# DATASET RECORDS
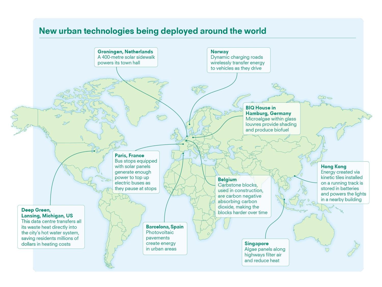 City evolution is not only about surface-level change. It is about the systems that keep everything running. Heat that once spewed wastefully from energy-hungry data centres is now captured and channelled into district heating. Public transport systems are electrifying at pace with dynamic charging roads, which wirelessly transfer energy to vehicles as they drive.
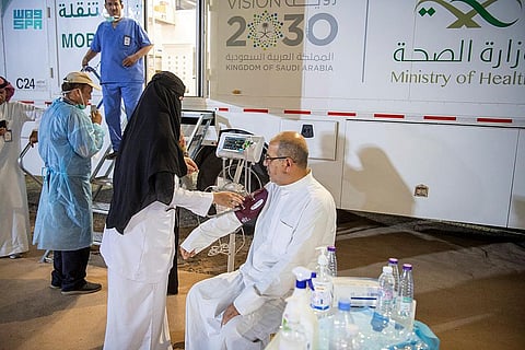 وأوضح المدير العام لصحة الجوف فارس بن مخيلف الرويلي أنه يوجد عدد من عربات العيادات المتنقّلة المجهزة بالطواقم الطبية لتقديم الرعاية والعناية الصحية للحجاج وبمختلف التخصصات على مدار الساعة، كما جُهِّزت العيادات بأجهزة فحص العلامات الحيوية وقياس نسبة السكر بالدم، وجهاز تخطيط القلب والجهاز الخاص بالربو وجهاز الصدمات الكهربائي. كما يقدم المركز الخدمات العلاجية بتوفير الأدوية لجميع الحجاج المراجعين للمركز.
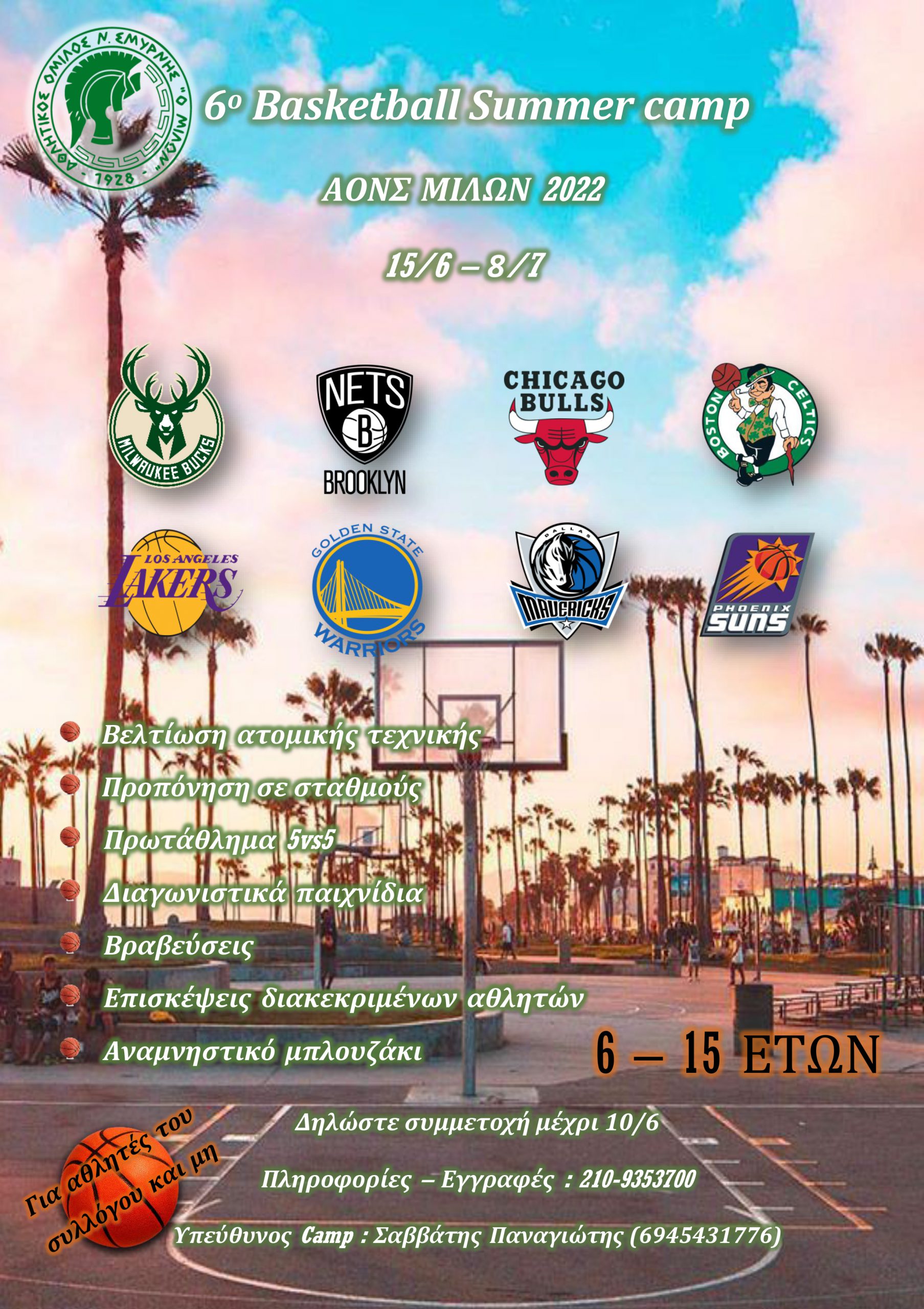 Από τις 15 Ιουνίου έως τις 8 Ιουλίου, θα πραγματοποιηθεί το 6ο Basketball Summer Camp στις αθλητικές εγκαταστάσεις του Μίλωνα.
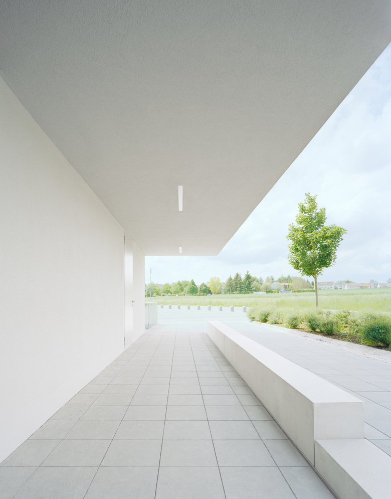 Ein klar gegliederter, hellgrauer Baukörper – der neue Kindergarten in Aichtal bei Stuttgart lässt sich durch seine monochrome Farbgebung ganz auf die Reize der umgebenden Landschaft ein.
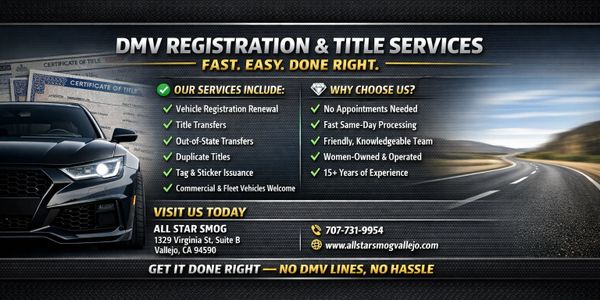 ALL STAR SMOG is accredited by the Bureau of Automotive Repair (BAR) and is authorized to perform smog checks and issue certificates. Partnered with the DMV as a third party to register vehicles and issue title transfers. Our accreditation ensures that we meet the highest standards of quality and comply with all state regulations.

# DIRECTIONS FOR THIS TASK
Give again, word for word, only the lines that run from the top of the data above through the line with "وأوضح المدير العام". Drop the pictures.

# REPLY TO THE EXERCISE
 City evolution is not only about surface-level change. It is about the systems that keep everything running. Heat that once spewed wastefully from energy-hungry data centres is now captured and channelled into district heating. Public transport systems are electrifying at pace with dynamic charging roads, which wirelessly transfer energy to vehicles as they drive.
 وأوضح المدير العام لصحة الجوف فارس بن مخيلف الرويلي أنه يوجد عدد من عربات العيادات المتنقّلة المجهزة بالطواقم الطبية لتقديم الرعاية والعناية الصحية للحجاج وبمختلف التخصصات على مدار الساعة، كما جُهِّزت العيادات بأجهزة فحص العلامات الحيوية وقياس نسبة السكر بالدم، وجهاز تخطيط القلب والجهاز الخاص بالربو وجهاز الصدمات الكهربائي. كما يقدم المركز الخدمات العلاجية بتوفير الأدوية لجميع الحجاج المراجعين للمركز.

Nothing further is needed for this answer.